If only Good Chinese Wife was what it was intended to be, a book about two individuals from rather different cultures which ultimately makes their marriage fail. But that is not what this memoir is about. Good Chinese Wife is about one woman who fails to listen to her gut and two people who never belonged together in the first place.

The author repetitively blames situations/issues on cultural differences, seemingly to make herself feel better some of the time and other times to blame the relationship on this alone. The book summary stating that this is about the "hazards of intercultural marriage" does a disservice to intercultural marriages and people in general. The issues between the author and Cai were not her being American and him being Chinese. The actual issues were:

-She was naive and never bothered to listen to her gut or speak up for herself until well into the relationship

-Cai had issues, including potentially being gay in a culture that would fully shame him for it.

-The "love" between the two never rang true, I honestly never understood why the author was even in love with Cai. We never get much more from her than his attractiveness being a reason to like him when they are hanging out. Then they are suddenly engaged and she is listing reasons she loves him, reasons mind you that we never really were privy to leading up to this point. Ultimately the reasons to loved Cai never really surface during the book, in fact many many reasons not to love him continually surface. I think had the author been more clear on why she seemed to love this man at any point in their relationship it would have been easier to accept why she stayed with him and wanted to be with him at all. But it really just comes across as being pointless.

-And one of the biggest issues? Cai is simply a major ass. I do not know how it took the author so long to see this.

Only a few times during the memoir did the author note any situation in which the issue was a cultural difference. These include the strange "no bathing after giving birth" issue, the grandparents potentially raising the child and the one scene where he apparently first threatens her and then says she is not like a good Chinese wife.
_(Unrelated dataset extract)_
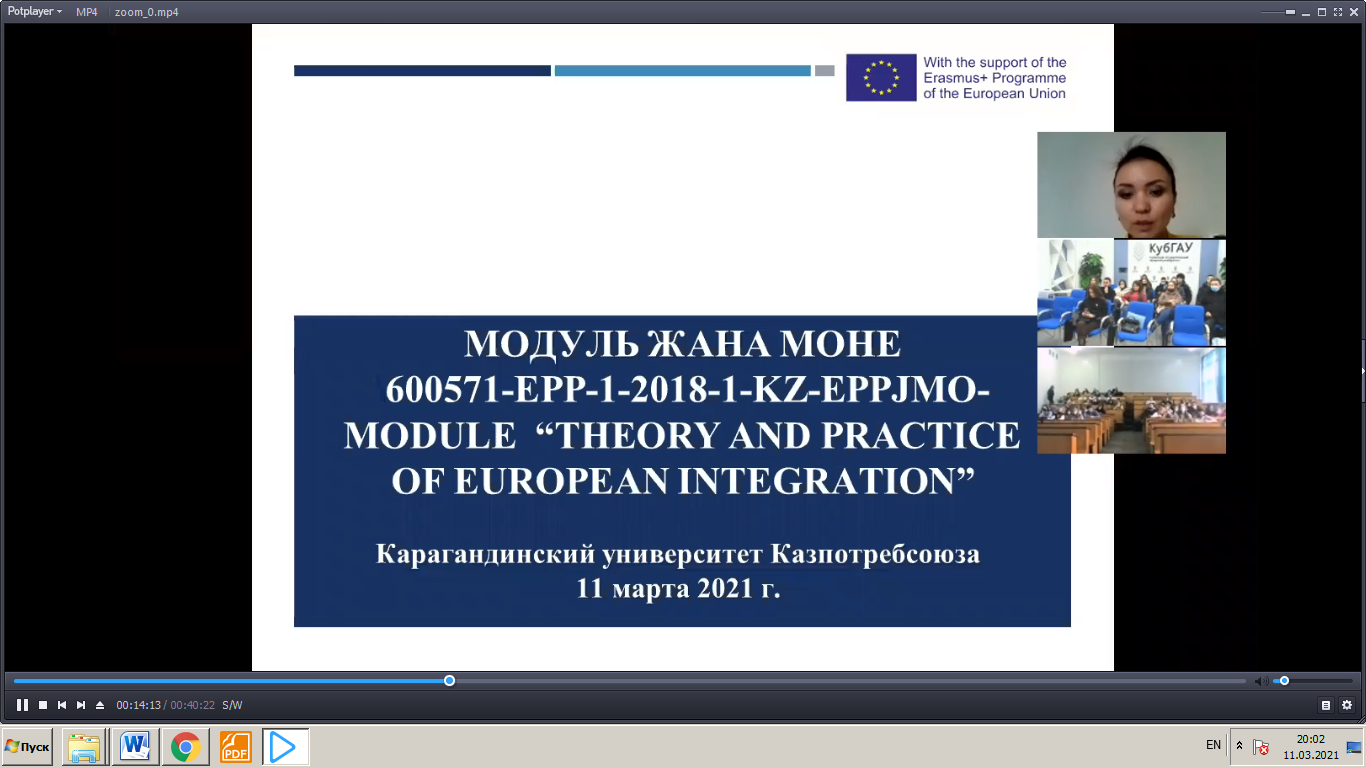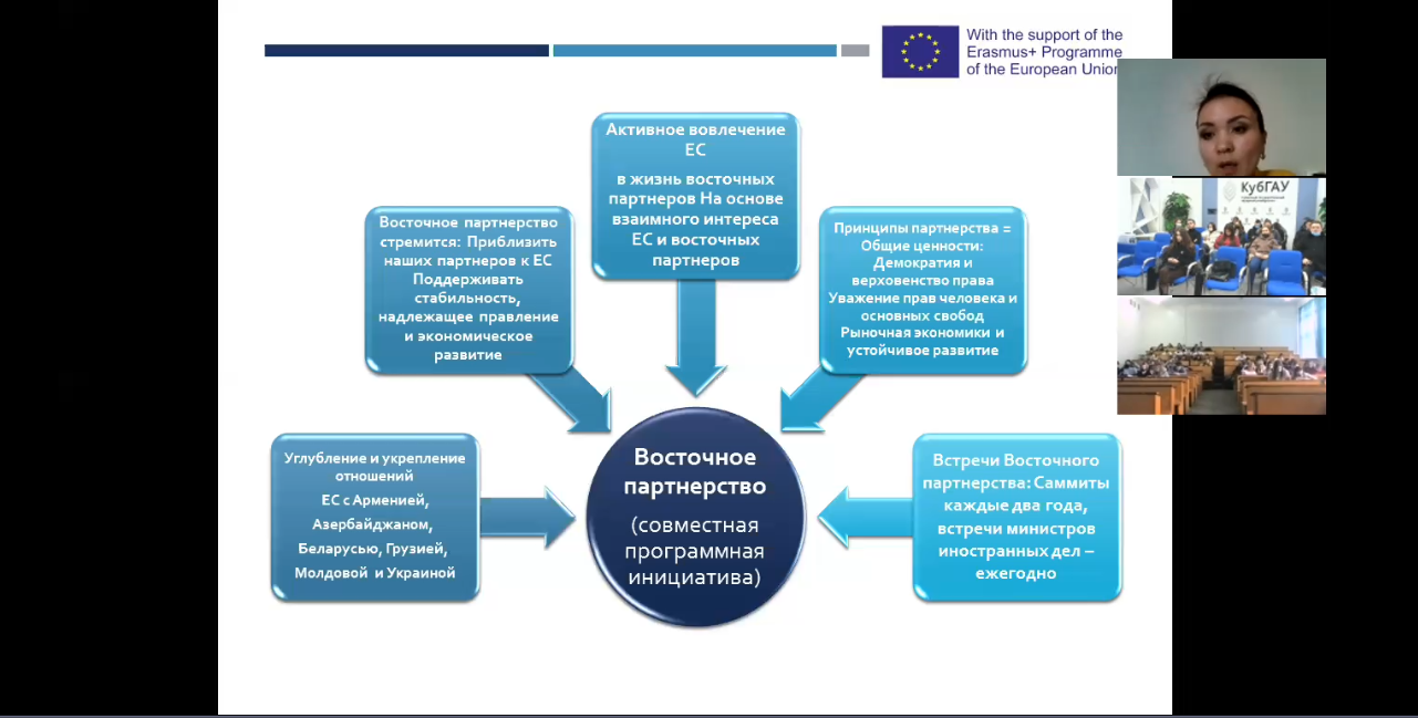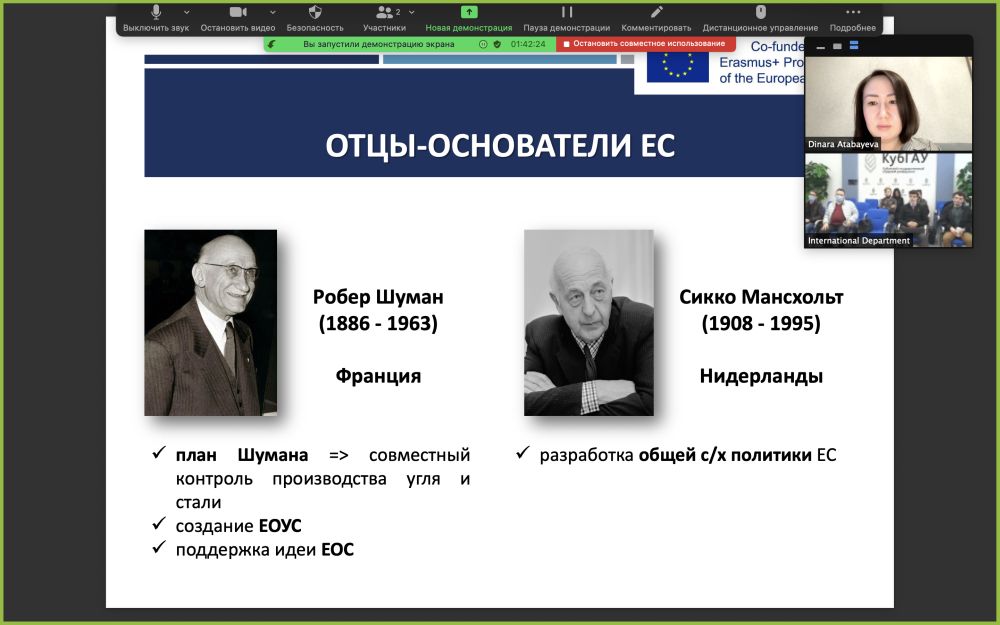 2021 жылдың 11 және 17 наурызында Халықаралық бағдарламалар мен жобалар және академиялық ұтқырлық орталығының көмегімен Эразмус+ Жан Моне 600571-EPP-1-2018-1-KZ-EPPJMO-MODULE “Theory and Practice of European Integration” жобасының нәтижелерін іске асыру үшін серіктес университеттер арасында ақпарат таратуда жобаға қатысушылары, Әлемдік экономика және халықаралық қатынастар кафедрасының аға оқытушылары Шукушева Е.В. мен Атабаева Д.Т. Кубан мемлекеттік аграрлық университетінің экономикалық және заңгерлік мамандықтарының студенттеріне арналған (Ресей) дәрістер оқыды. Дәрістер еуропалық интеграция теориясына, оның тарихына, сондай-ақ Еуроодақтың еуразиялық интеграция жағдайындағы посткеңестік елдерге қатысты саясатына және ЕО-ЕАЭО ынтымақтастығының перспективалы бағыттарына арналды.

This "good Chinese wife" statement was not a running theme in their relationship, at least not shared with us in the book. Really it just felt like a random comment by a jackass.
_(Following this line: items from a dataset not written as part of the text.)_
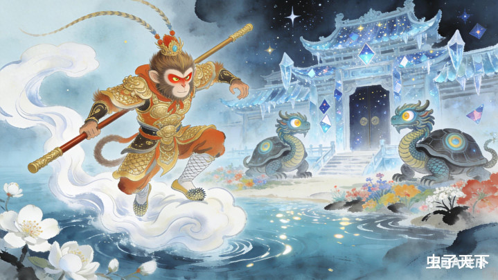悟空正要摘几朵花果山的猴子猴孙们尝尝鲜,忽见一处宫阙与众不同,那屋顶竟是以千年玄冰为瓦,墙体嵌满星斗碎片,门前立着两尊玄武雕像,眼睛还会转动!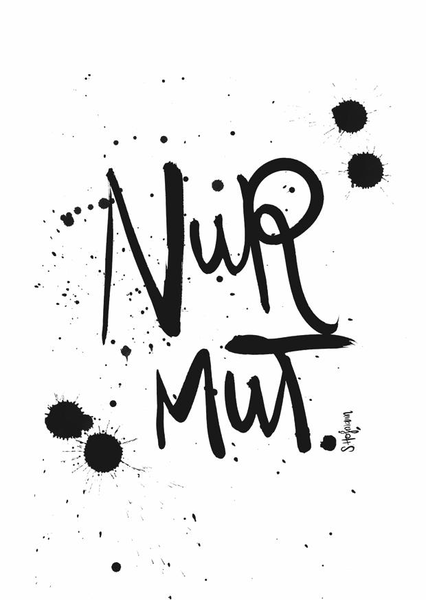 Eine inspirierende Handlettering-Arbeit zeigt den Spruch Nur Mut in künstlerischer Schriftart, umgeben von schwarzen Farbklecksen auf weißem Hintergrund.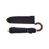 ウッド素材のキャメルブラウンの持ち手、濃紺の生地、そしてメタルパーツを用いた構成は、クラシックかつ洗練された佇まいを演出。片手で持った時のハットやマフラー等の装飾性や、手にしてカッコよく洒落るステッキのような、スタイリングの主役になる存在感もあります。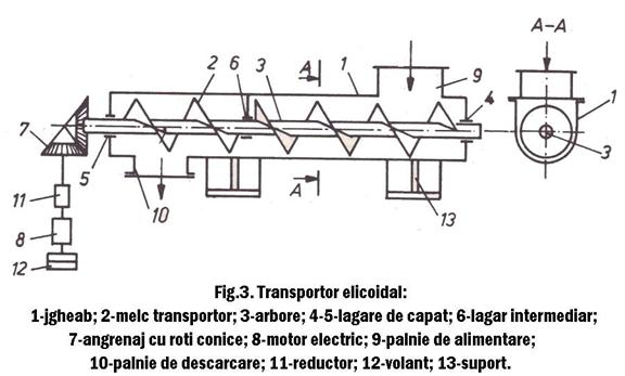 Este format dintr-o carcasa inchisa cu sectiunea transversala in forma de U, in care un melc 2 se roteste cu o turatie mica (fig.3).

There were some additional issues, such as the author often assuming we knew specific elements of Chinese or Hong Kong culture and therefore did not explain them. It was also honestly not very well written, but I could have easily overlooked this if the book had better content. The book also suffered from repetition, which I noted earlier as well.

Overall it was an interesting topic and situation, but I hate that the author seems to blame it all on "cultural differences" when their issues were so obviously due to them as individuals, mentally and emotionally, inside or outside their specific cultures.